PROBLEM DETAILS —
Reproduce exactly the run of lines that begins with the one containing "Brits bombardement op" and ends with the last line of the records, omitting pictures.

Saved data entries —
____________________

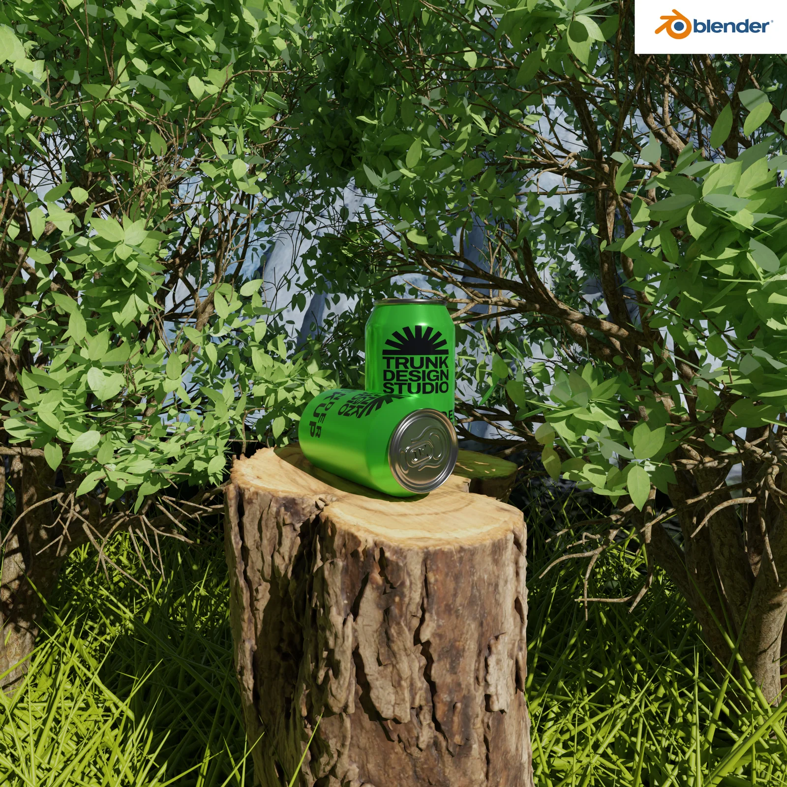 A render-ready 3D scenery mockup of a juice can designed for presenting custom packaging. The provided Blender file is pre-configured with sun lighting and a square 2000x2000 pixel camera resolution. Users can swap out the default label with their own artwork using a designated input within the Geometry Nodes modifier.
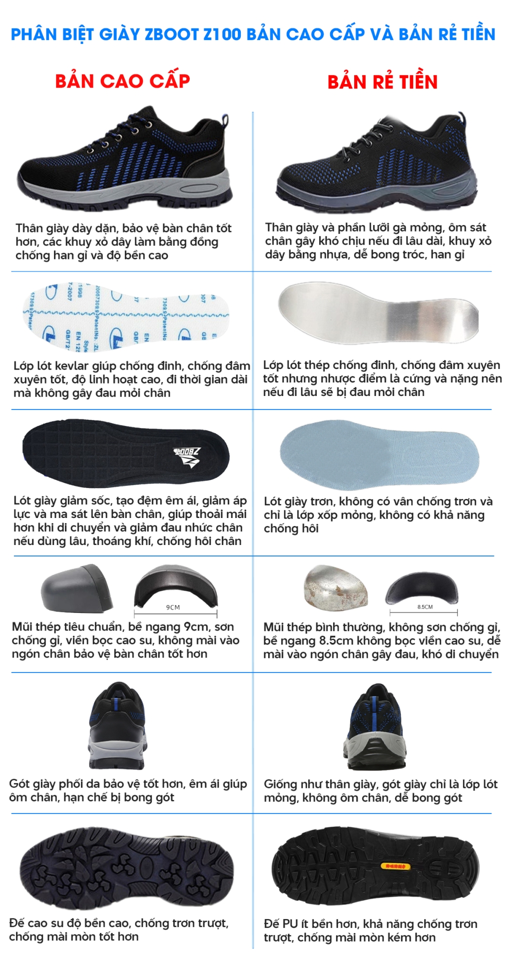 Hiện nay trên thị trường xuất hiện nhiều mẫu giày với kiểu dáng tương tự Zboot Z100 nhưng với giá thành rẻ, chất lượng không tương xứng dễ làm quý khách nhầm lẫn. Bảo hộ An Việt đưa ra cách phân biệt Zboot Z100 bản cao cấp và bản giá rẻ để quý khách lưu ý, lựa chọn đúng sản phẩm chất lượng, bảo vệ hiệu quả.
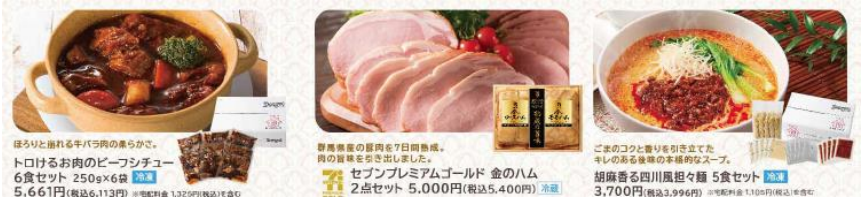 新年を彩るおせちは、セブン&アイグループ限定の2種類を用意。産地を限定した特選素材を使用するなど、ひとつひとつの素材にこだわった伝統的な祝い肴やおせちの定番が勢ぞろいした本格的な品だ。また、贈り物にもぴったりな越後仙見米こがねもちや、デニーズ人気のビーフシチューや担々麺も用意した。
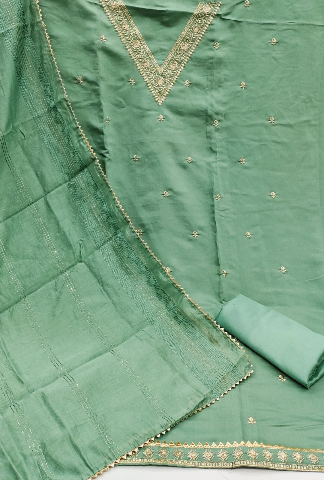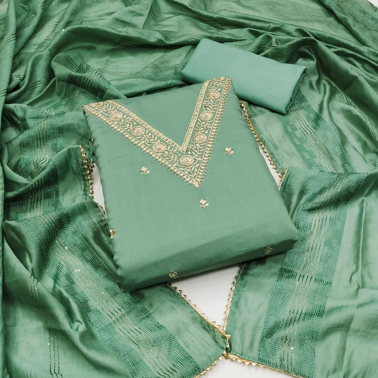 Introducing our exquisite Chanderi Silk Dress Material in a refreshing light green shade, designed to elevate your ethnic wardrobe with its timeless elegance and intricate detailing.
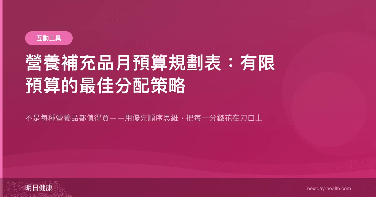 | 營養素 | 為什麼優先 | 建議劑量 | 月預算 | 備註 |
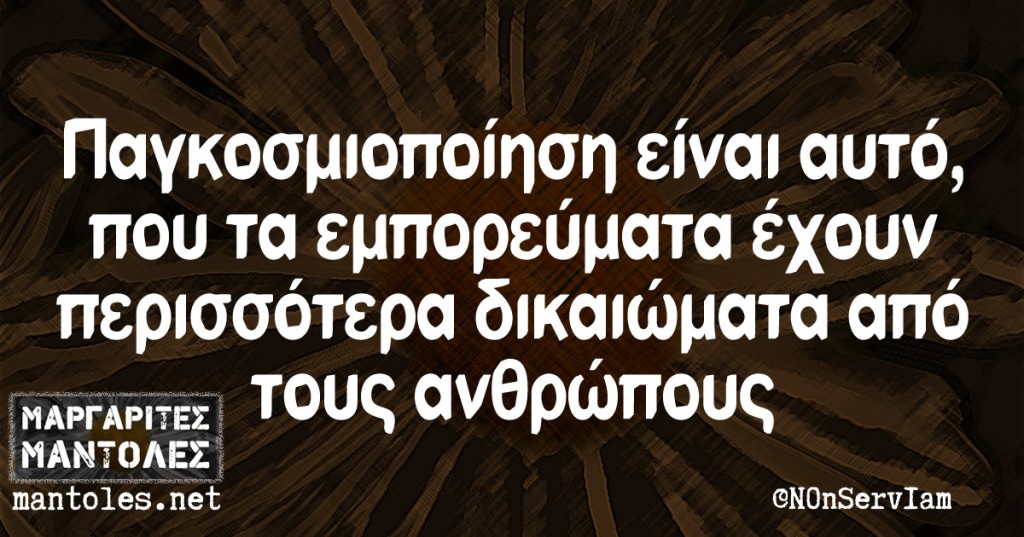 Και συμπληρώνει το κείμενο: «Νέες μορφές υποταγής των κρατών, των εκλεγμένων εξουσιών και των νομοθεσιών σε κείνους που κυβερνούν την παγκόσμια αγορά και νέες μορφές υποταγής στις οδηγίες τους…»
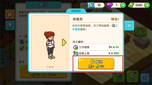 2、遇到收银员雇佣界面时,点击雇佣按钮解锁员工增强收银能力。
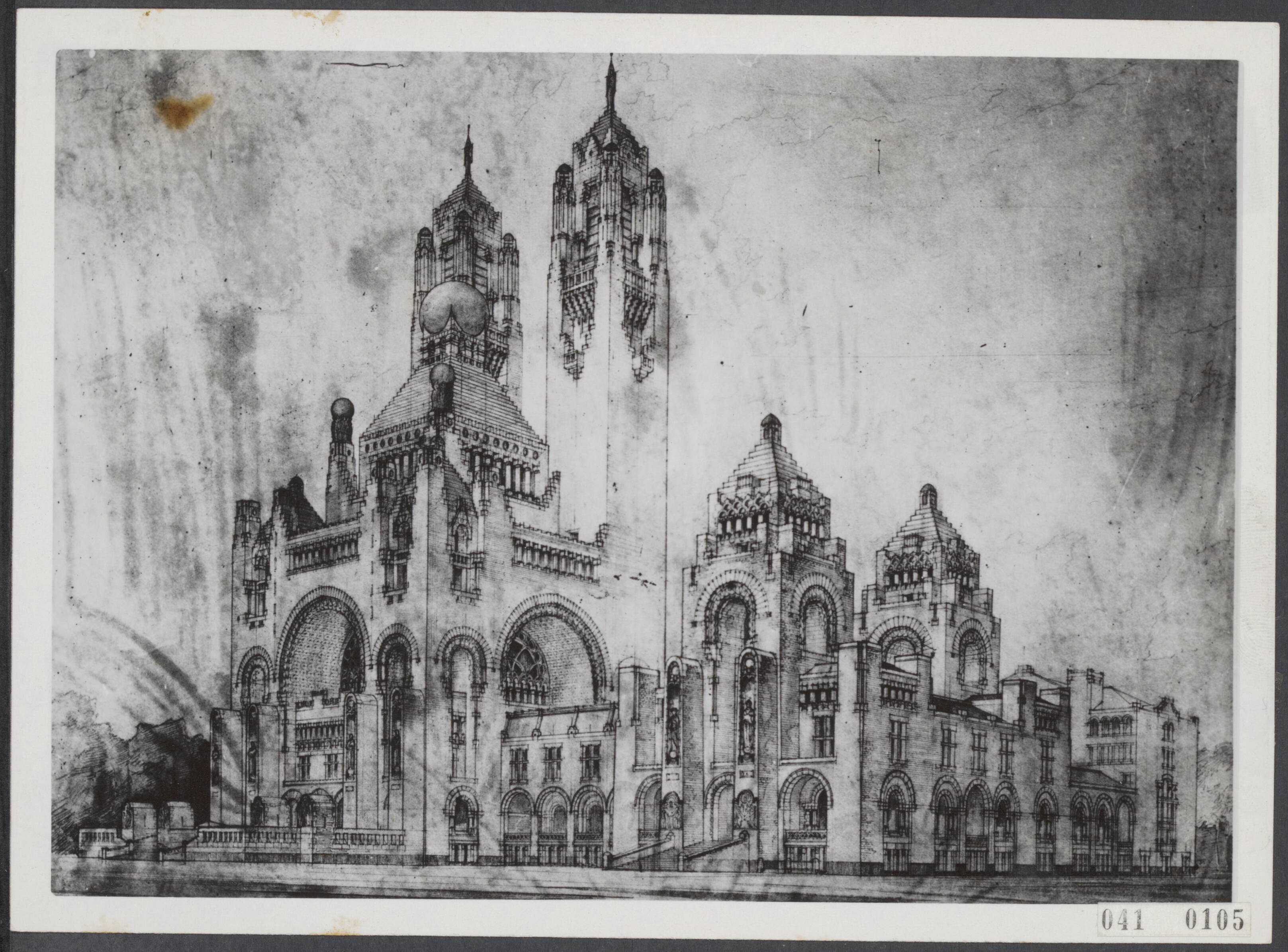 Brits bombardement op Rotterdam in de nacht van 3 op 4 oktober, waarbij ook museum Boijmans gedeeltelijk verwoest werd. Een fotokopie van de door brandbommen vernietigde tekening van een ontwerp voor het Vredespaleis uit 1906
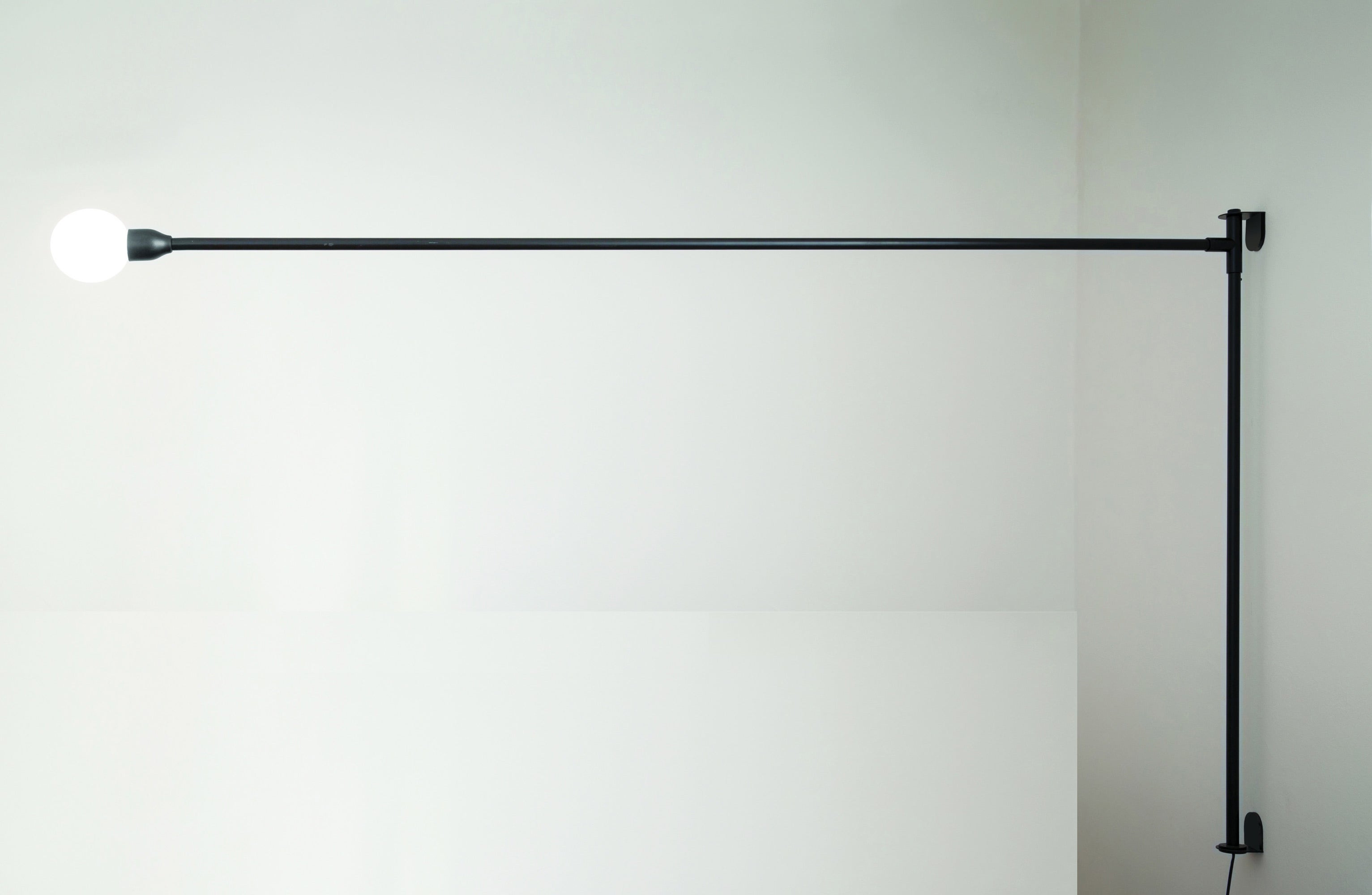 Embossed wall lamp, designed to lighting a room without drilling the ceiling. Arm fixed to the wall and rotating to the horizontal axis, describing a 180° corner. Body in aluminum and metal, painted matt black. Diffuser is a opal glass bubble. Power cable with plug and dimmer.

____________________

FINISHED TASK —
 Brits bombardement op Rotterdam in de nacht van 3 op 4 oktober, waarbij ook museum Boijmans gedeeltelijk verwoest werd. Een fotokopie van de door brandbommen vernietigde tekening van een ontwerp voor het Vredespaleis uit 1906
 Embossed wall lamp, designed to lighting a room without drilling the ceiling. Arm fixed to the wall and rotating to the horizontal axis, describing a 180° corner. Body in aluminum and metal, painted matt black. Diffuser is a opal glass bubble. Power cable with plug and dimmer.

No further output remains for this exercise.